#### DATA LISTING

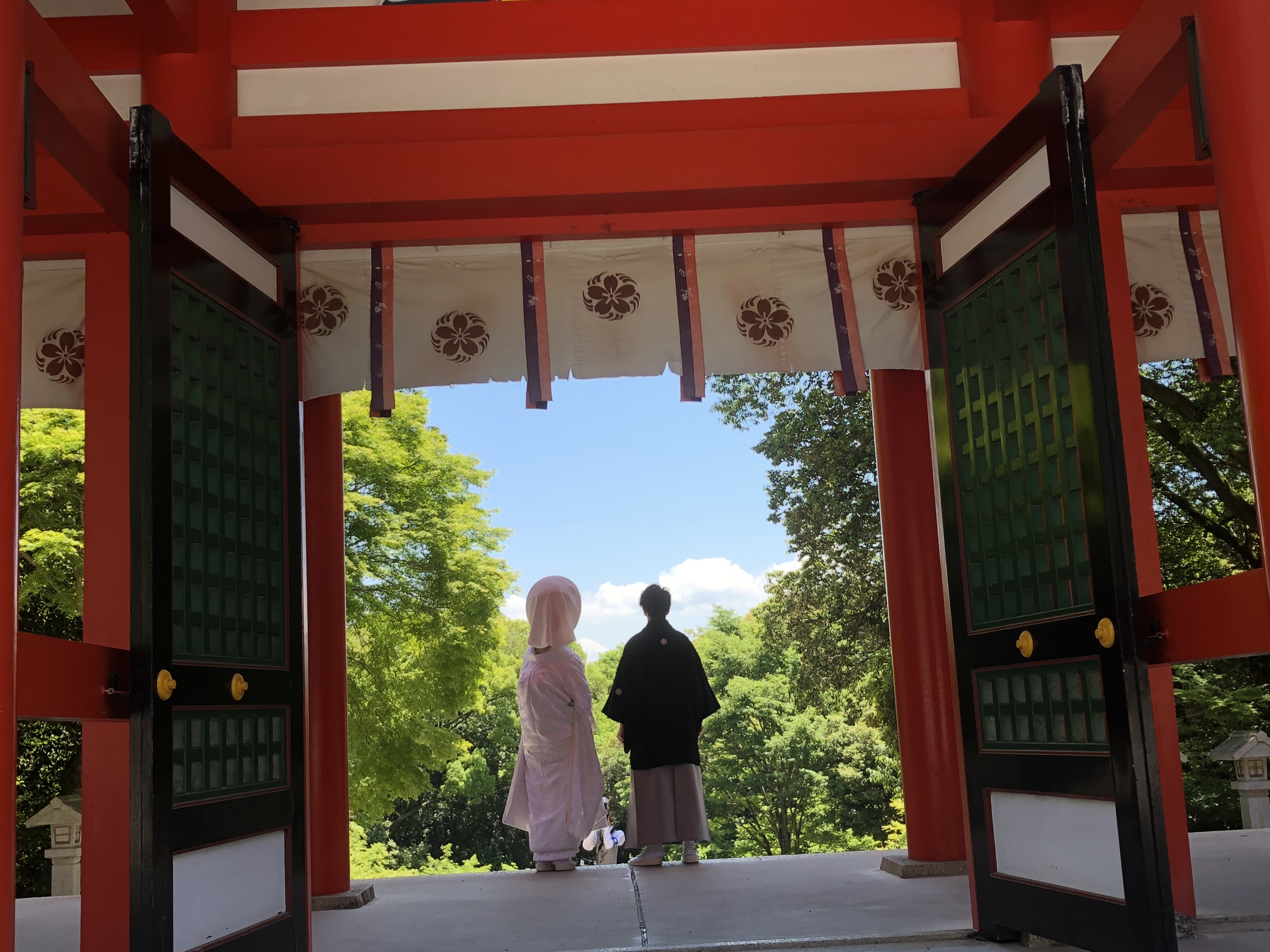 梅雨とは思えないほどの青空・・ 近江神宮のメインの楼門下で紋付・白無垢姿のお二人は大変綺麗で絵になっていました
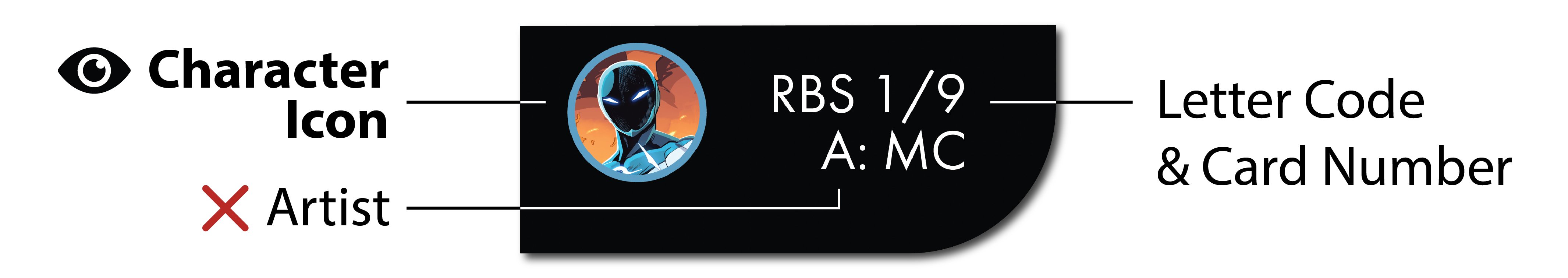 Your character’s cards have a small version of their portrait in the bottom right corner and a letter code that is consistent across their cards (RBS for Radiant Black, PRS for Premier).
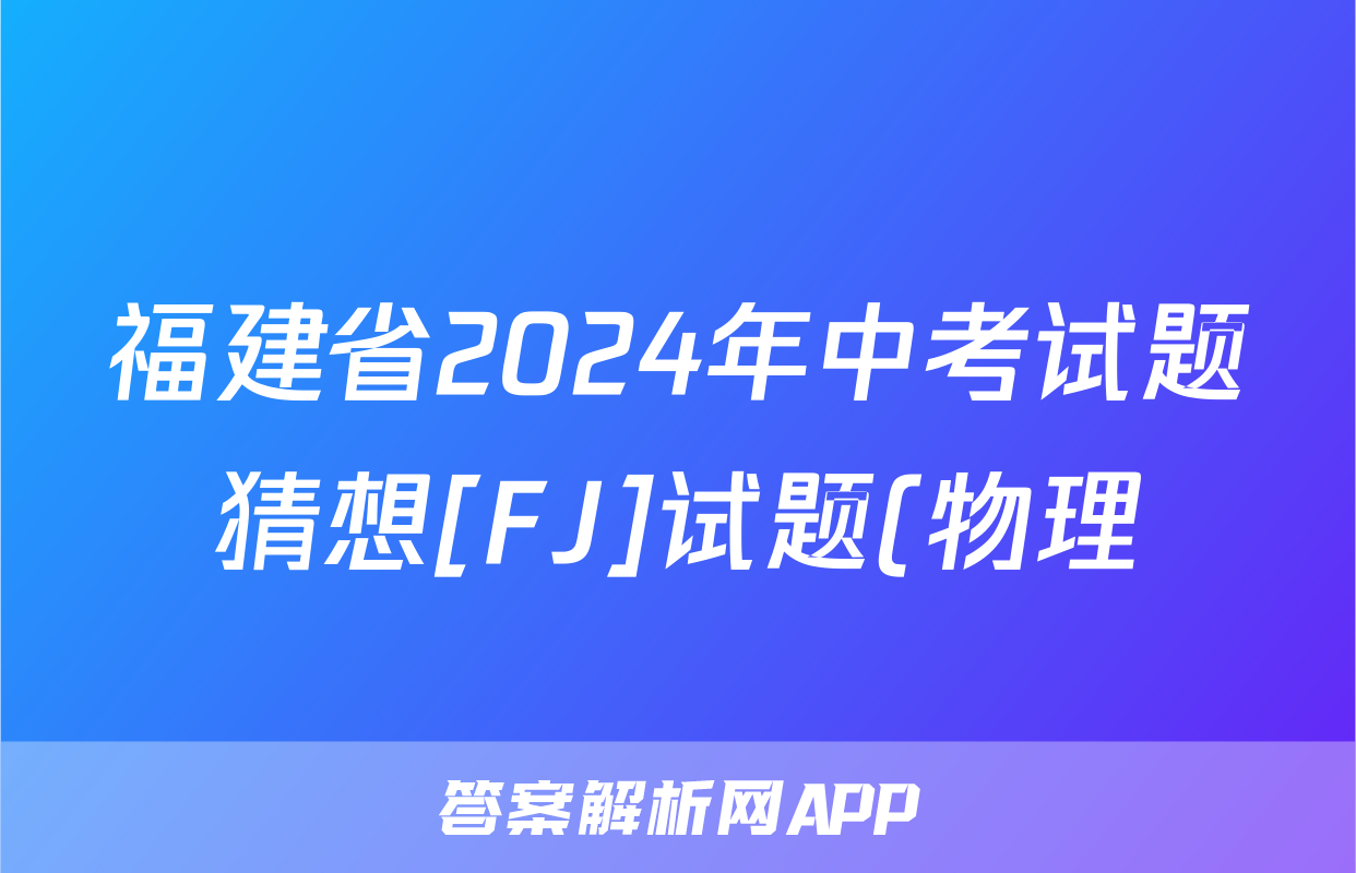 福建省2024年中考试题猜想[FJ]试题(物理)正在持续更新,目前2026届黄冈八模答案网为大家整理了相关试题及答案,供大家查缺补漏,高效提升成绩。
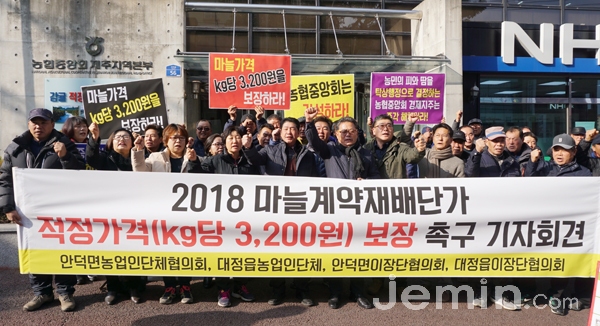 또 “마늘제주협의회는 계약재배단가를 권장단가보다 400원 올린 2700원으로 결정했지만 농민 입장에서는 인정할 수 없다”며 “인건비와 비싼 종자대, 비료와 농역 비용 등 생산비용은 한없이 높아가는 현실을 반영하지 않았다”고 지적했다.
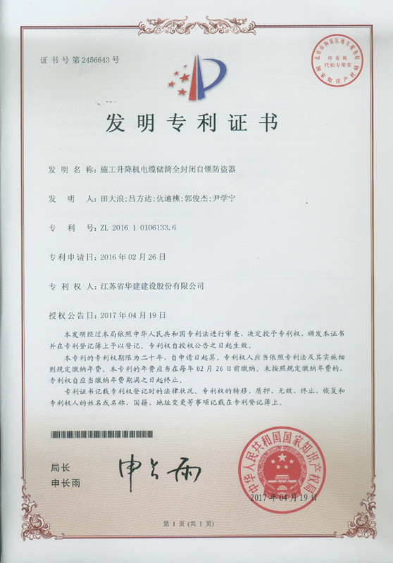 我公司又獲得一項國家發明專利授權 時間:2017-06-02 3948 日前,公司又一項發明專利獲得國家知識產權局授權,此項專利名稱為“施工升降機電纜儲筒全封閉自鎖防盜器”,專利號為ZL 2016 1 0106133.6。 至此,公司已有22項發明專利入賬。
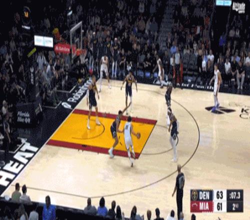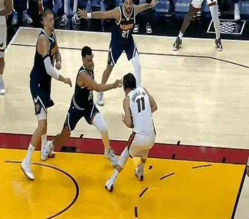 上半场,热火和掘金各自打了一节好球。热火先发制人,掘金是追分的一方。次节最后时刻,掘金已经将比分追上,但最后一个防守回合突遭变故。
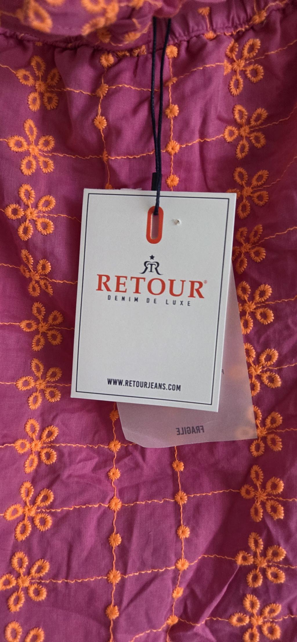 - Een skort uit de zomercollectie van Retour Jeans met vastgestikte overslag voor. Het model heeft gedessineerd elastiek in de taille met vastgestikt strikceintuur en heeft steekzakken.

########

PROBLEM → From the first line of the entries down to the line with "계약재배단가를 권장단가보다 400원", print each line exactly; omit any picture.

WRITTEN RESPONSE →
 梅雨とは思えないほどの青空・・ 近江神宮のメインの楼門下で紋付・白無垢姿のお二人は大変綺麗で絵になっていました
 Your character’s cards have a small version of their portrait in the bottom right corner and a letter code that is consistent across their cards (RBS for Radiant Black, PRS for Premier).
 福建省2024年中考试题猜想[FJ]试题(物理)正在持续更新,目前2026届黄冈八模答案网为大家整理了相关试题及答案,供大家查缺补漏,高效提升成绩。
 또 “마늘제주협의회는 계약재배단가를 권장단가보다 400원 올린 2700원으로 결정했지만 농민 입장에서는 인정할 수 없다”며 “인건비와 비싼 종자대, 비료와 농역 비용 등 생산비용은 한없이 높아가는 현실을 반영하지 않았다”고 지적했다.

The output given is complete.